**About this task**
Where the data below begins, start duplicating lines exactly, and finish with the line containing "일단 그렇게 차려진 우리의 낙지볶음 한상이다."; add nothing else. Leave the pictures out.

**Supplied data**
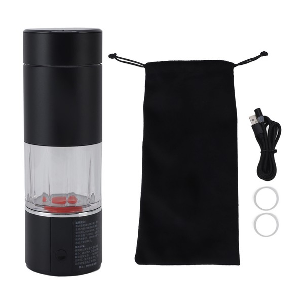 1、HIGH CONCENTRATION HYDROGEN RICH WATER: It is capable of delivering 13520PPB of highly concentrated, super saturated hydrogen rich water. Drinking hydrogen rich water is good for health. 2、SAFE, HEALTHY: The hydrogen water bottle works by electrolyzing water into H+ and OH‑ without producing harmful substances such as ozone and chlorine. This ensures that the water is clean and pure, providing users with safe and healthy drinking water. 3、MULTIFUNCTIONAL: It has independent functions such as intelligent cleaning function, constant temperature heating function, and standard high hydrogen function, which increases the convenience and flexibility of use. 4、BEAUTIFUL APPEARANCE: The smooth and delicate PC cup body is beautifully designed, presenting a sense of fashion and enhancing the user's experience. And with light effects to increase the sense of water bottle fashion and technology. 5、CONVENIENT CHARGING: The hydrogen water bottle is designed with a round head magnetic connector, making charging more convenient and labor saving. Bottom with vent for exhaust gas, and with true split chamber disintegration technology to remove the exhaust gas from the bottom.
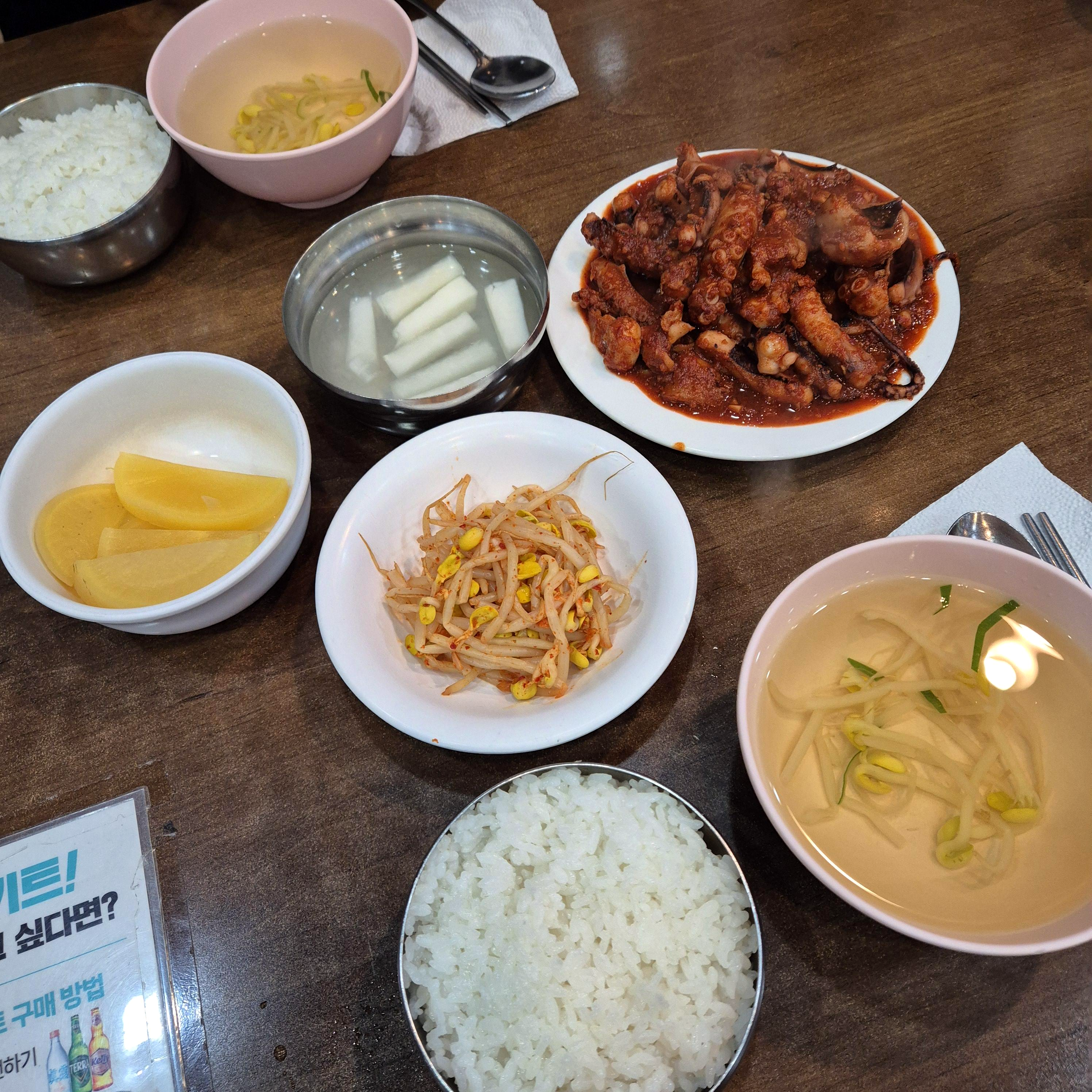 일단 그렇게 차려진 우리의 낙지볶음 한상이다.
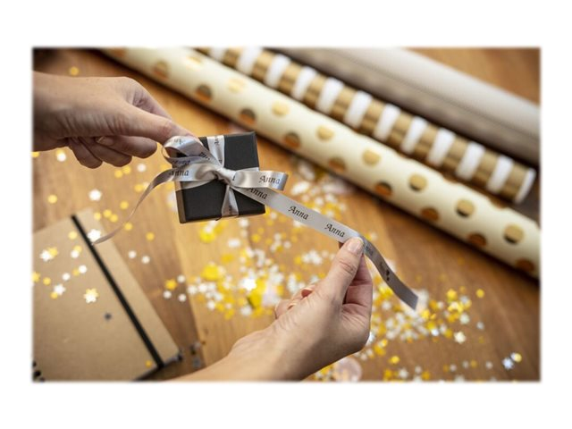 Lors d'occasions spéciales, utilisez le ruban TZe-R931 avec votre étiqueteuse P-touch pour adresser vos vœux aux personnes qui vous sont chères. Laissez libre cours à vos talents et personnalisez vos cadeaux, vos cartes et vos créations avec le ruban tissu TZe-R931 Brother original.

**Exercise output**
 1、HIGH CONCENTRATION HYDROGEN RICH WATER: It is capable of delivering 13520PPB of highly concentrated, super saturated hydrogen rich water. Drinking hydrogen rich water is good for health. 2、SAFE, HEALTHY: The hydrogen water bottle works by electrolyzing water into H+ and OH‑ without producing harmful substances such as ozone and chlorine. This ensures that the water is clean and pure, providing users with safe and healthy drinking water. 3、MULTIFUNCTIONAL: It has independent functions such as intelligent cleaning function, constant temperature heating function, and standard high hydrogen function, which increases the convenience and flexibility of use. 4、BEAUTIFUL APPEARANCE: The smooth and delicate PC cup body is beautifully designed, presenting a sense of fashion and enhancing the user's experience. And with light effects to increase the sense of water bottle fashion and technology. 5、CONVENIENT CHARGING: The hydrogen water bottle is designed with a round head magnetic connector, making charging more convenient and labor saving. Bottom with vent for exhaust gas, and with true split chamber disintegration technology to remove the exhaust gas from the bottom.
 일단 그렇게 차려진 우리의 낙지볶음 한상이다.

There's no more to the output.